──────── Given data

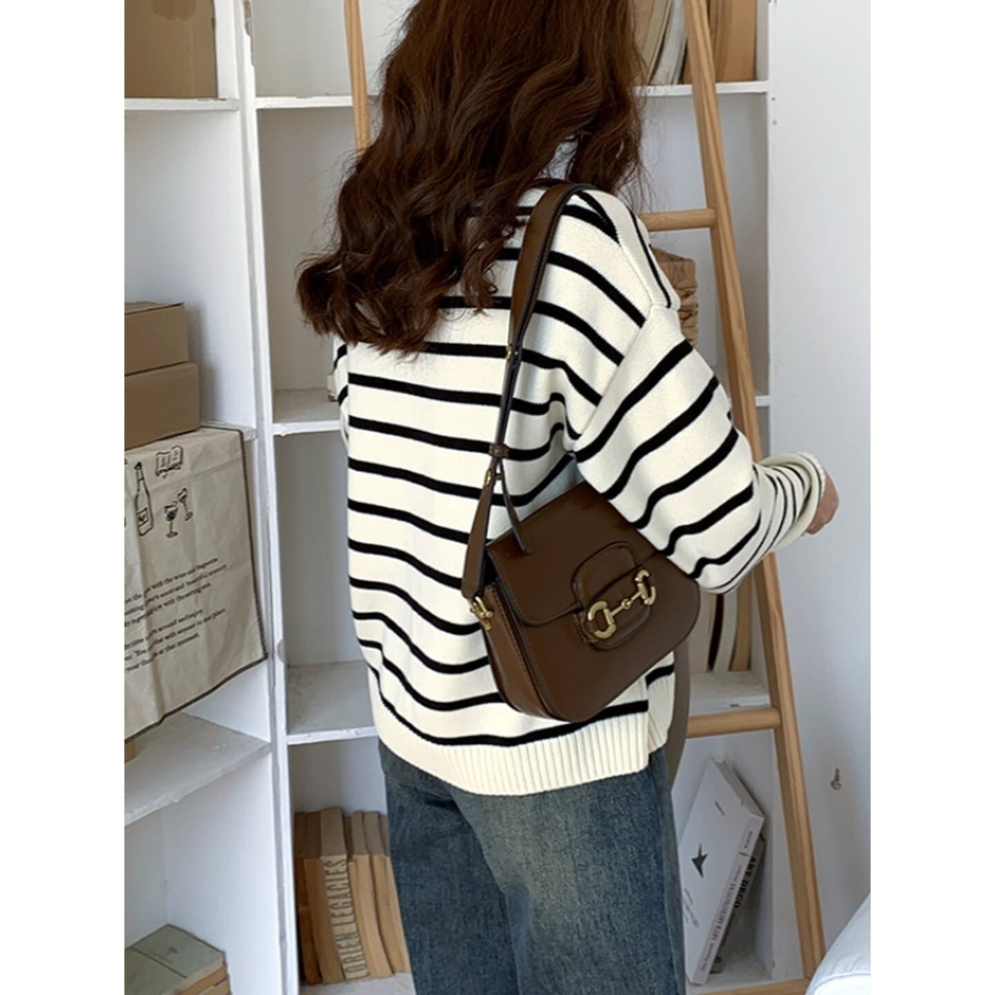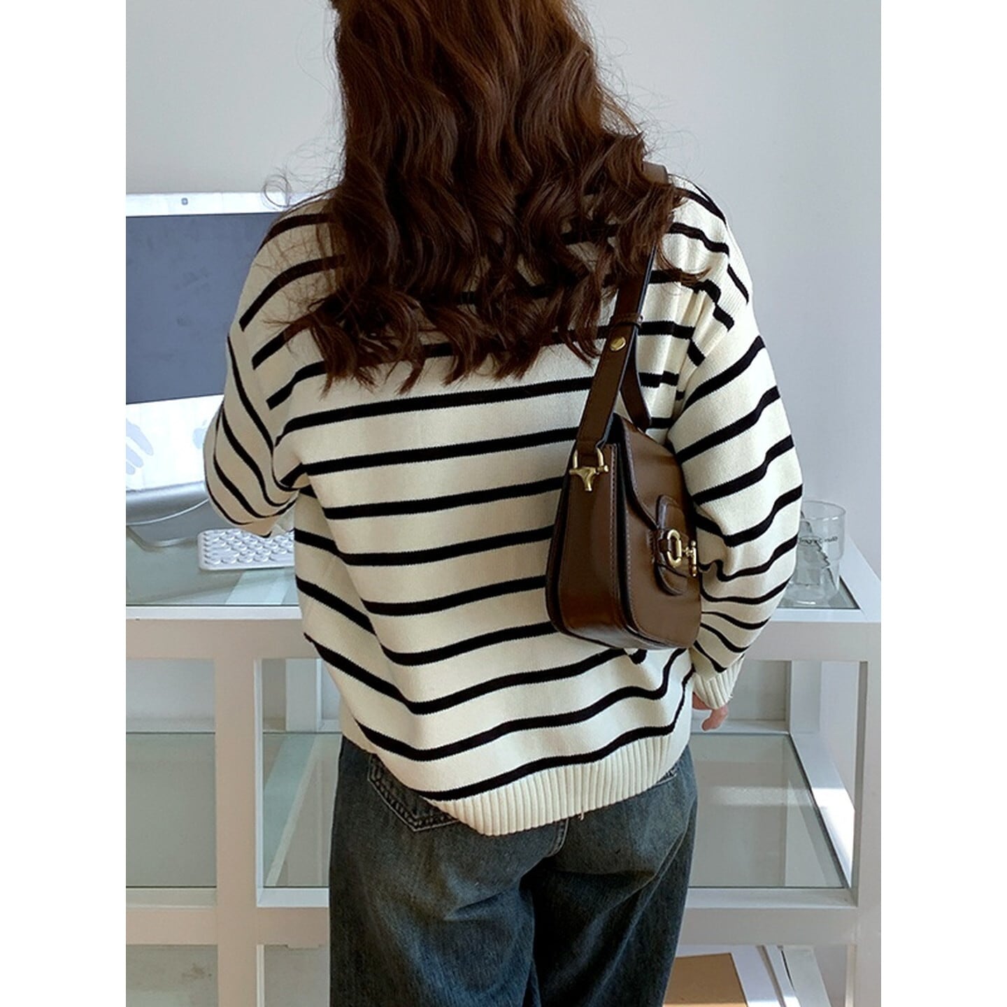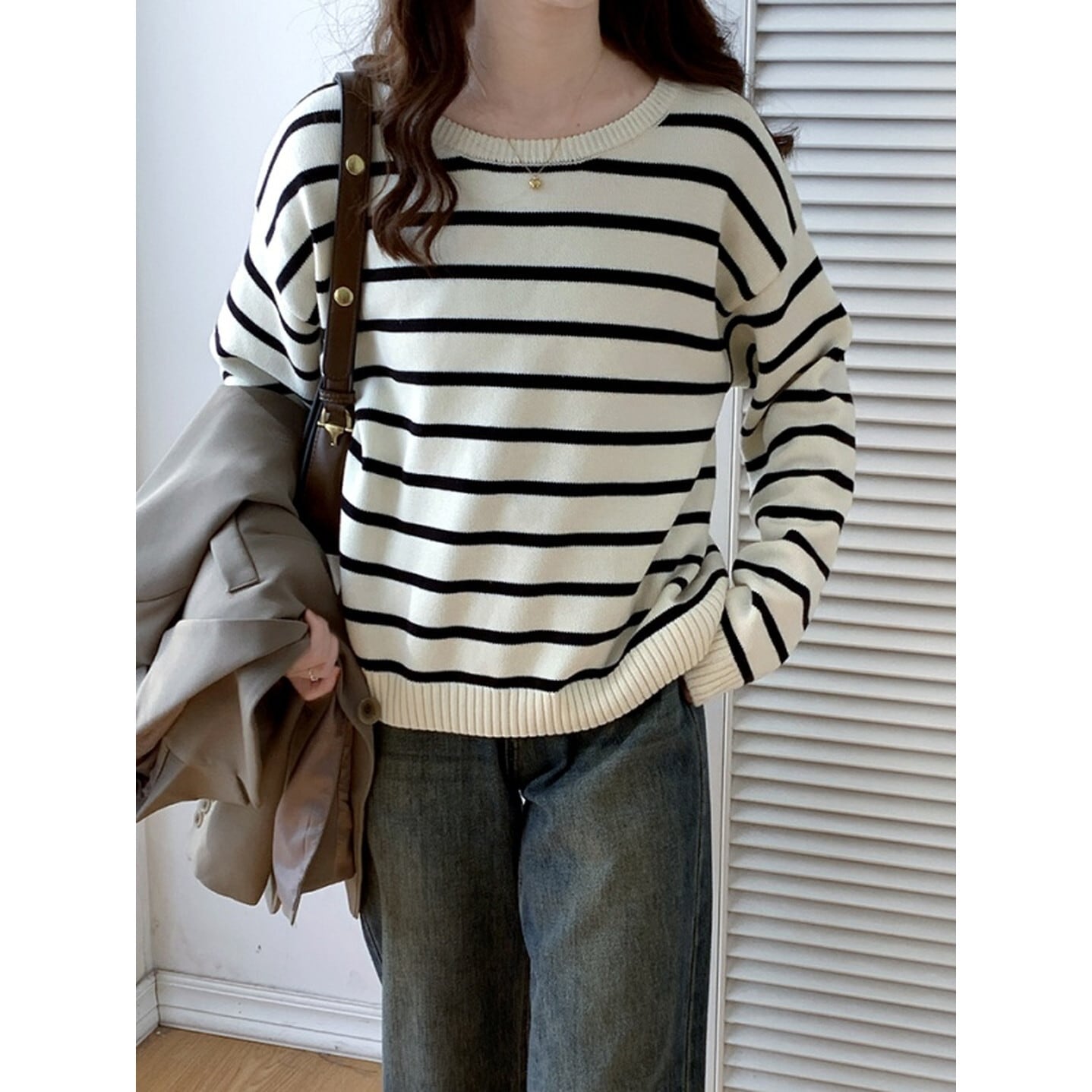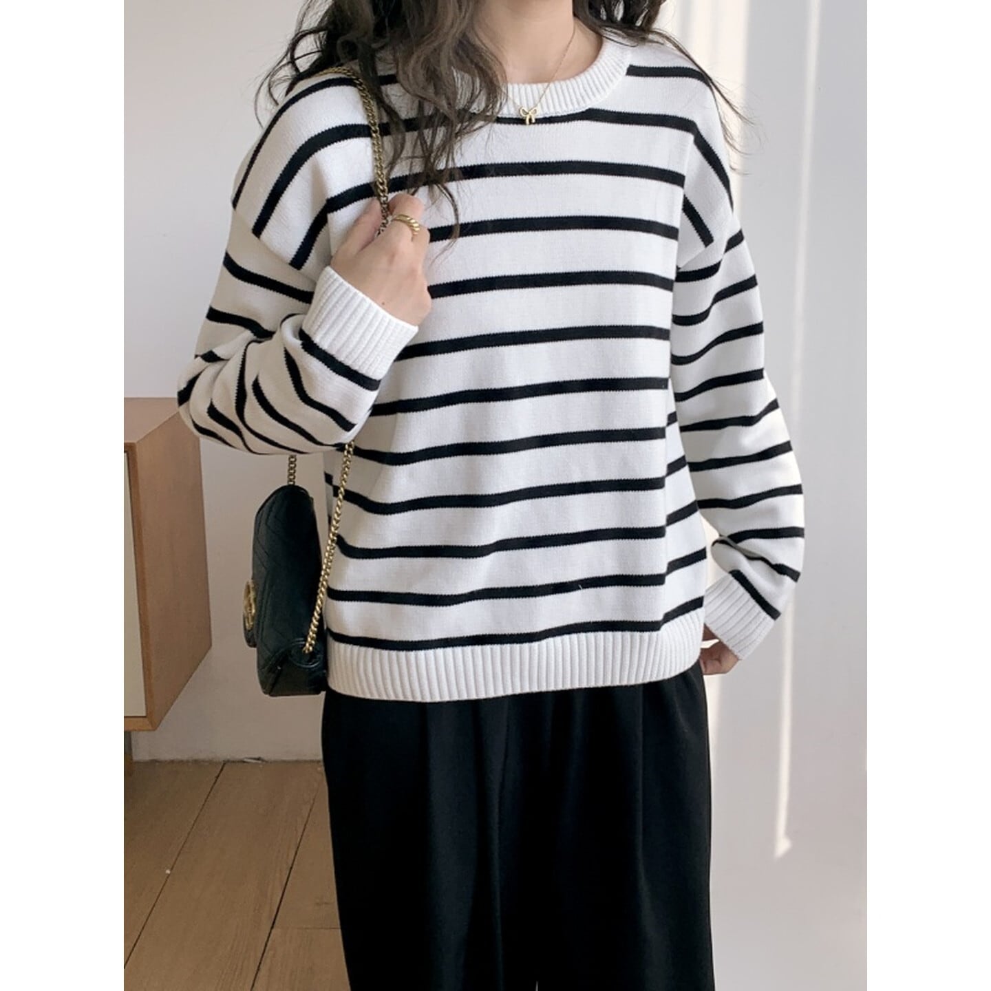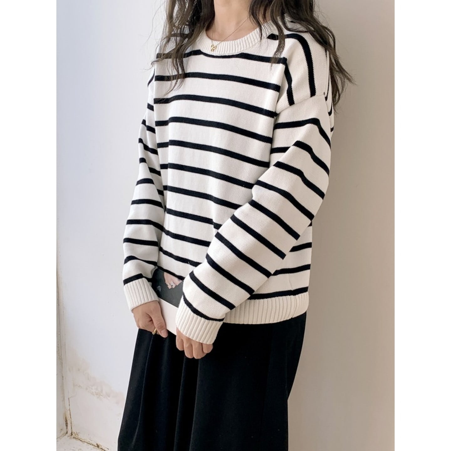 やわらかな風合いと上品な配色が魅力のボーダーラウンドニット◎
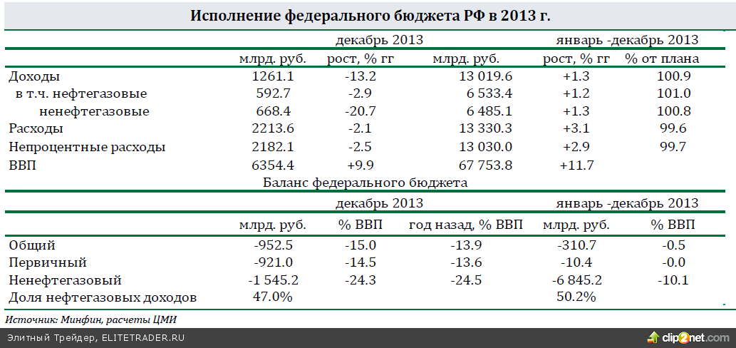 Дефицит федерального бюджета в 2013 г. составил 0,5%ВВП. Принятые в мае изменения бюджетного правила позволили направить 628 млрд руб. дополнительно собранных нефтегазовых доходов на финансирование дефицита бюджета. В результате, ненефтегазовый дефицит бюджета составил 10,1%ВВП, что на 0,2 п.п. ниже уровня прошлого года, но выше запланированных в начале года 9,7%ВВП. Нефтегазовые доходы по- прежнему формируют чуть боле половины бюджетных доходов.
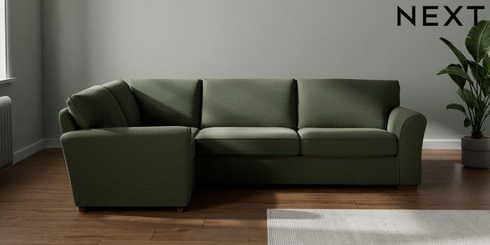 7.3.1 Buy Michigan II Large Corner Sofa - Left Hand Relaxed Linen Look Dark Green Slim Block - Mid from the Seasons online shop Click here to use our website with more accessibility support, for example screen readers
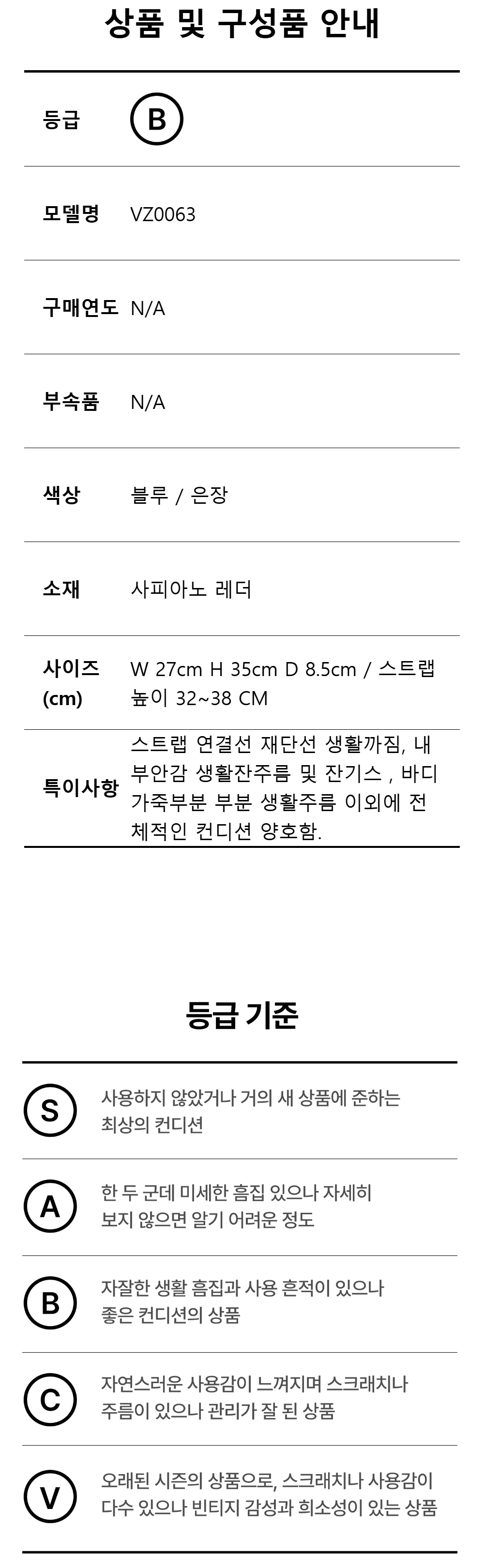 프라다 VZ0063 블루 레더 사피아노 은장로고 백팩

────────────────

### Task item
Output the listing above exactly, but leave its pictures behind.

### Output
 やわらかな風合いと上品な配色が魅力のボーダーラウンドニット◎
 Дефицит федерального бюджета в 2013 г. составил 0,5%ВВП. Принятые в мае изменения бюджетного правила позволили направить 628 млрд руб. дополнительно собранных нефтегазовых доходов на финансирование дефицита бюджета. В результате, ненефтегазовый дефицит бюджета составил 10,1%ВВП, что на 0,2 п.п. ниже уровня прошлого года, но выше запланированных в начале года 9,7%ВВП. Нефтегазовые доходы по- прежнему формируют чуть боле половины бюджетных доходов.
 7.3.1 Buy Michigan II Large Corner Sofa - Left Hand Relaxed Linen Look Dark Green Slim Block - Mid from the Seasons online shop Click here to use our website with more accessibility support, for example screen readers
 프라다 VZ0063 블루 레더 사피아노 은장로고 백팩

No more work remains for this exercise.